I will never forget the vivid moment I realized the human tendency to puff-reality-up. I went to a party with a friend at college and this party was "Boooring." All we did was play cards, sit on the porch and watch ESPN. Not too impressive. As we came back to our dorm around midnight someone asked how the party was and my friend said, "It was crazy man, you missed a wild time!" He was dead serious. And in my mind, he was lying.
Why do we do this?
Why do people lie? I think there are many reasons why we do, but for the most part I think we all want to be seen as better than we really are. So we tell lies about ourselves, we exaggerate our experiences, and over time we actually start to believe the lies we have spun. Pride causes me to think I am more impressive than I man, more important, more deserving. Somehow pride has me believing my experiences "really are" better than other peoples, the church I go to has more of God's Spirit, my jump shot is smoother, my selfie is prettier.

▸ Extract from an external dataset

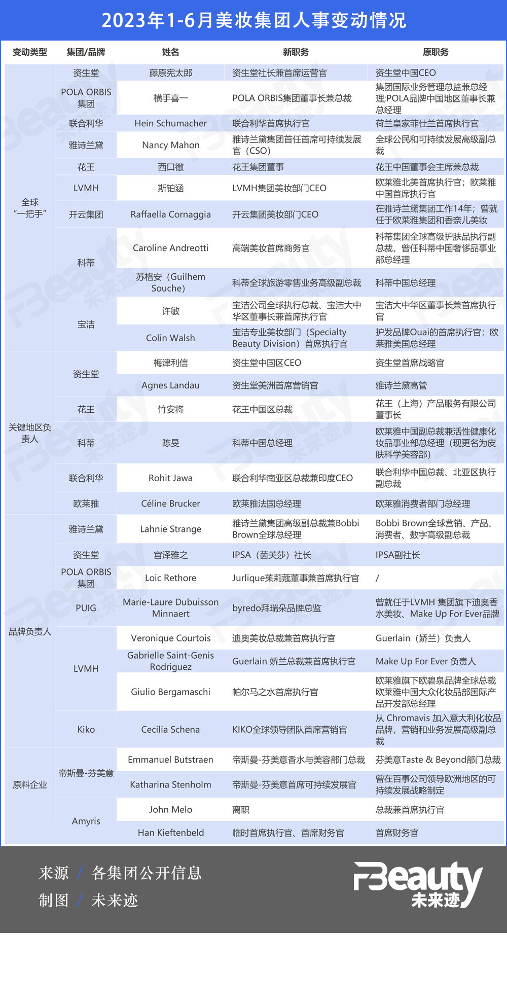 今年前6個(gè)月,資生堂、POLA ORBIS集團(tuán)、花王集團(tuán)、科蒂、LVMH以及聯(lián)合利華集團(tuán)等,新的全球負(fù)責(zé)人和重要地區(qū)的負(fù)責(zé)人正式接任。

It IS hard to be humble when you are as great as I am!
Last night I was awakened by a thunder-clap that shook our house. I looked outside and the lightning display lit up the sky. God's work is amazing, nature is powerful. I am so tiny! If I only had the guts to be honest: I am weak, needy and vulnerable.
When I admit that to others, cast aside my pride, submit myself to God....life works!
If the world was loaded full of people that didn't lie, worshiped God, and received his grace - - love would naturally result. You don't make the world better by self-willing love, you make it better by admitting your need for mercy and grace and love comes flowing out of you. In other words...
"Humble yourself in the sight of the Lord, and he will lift you up!"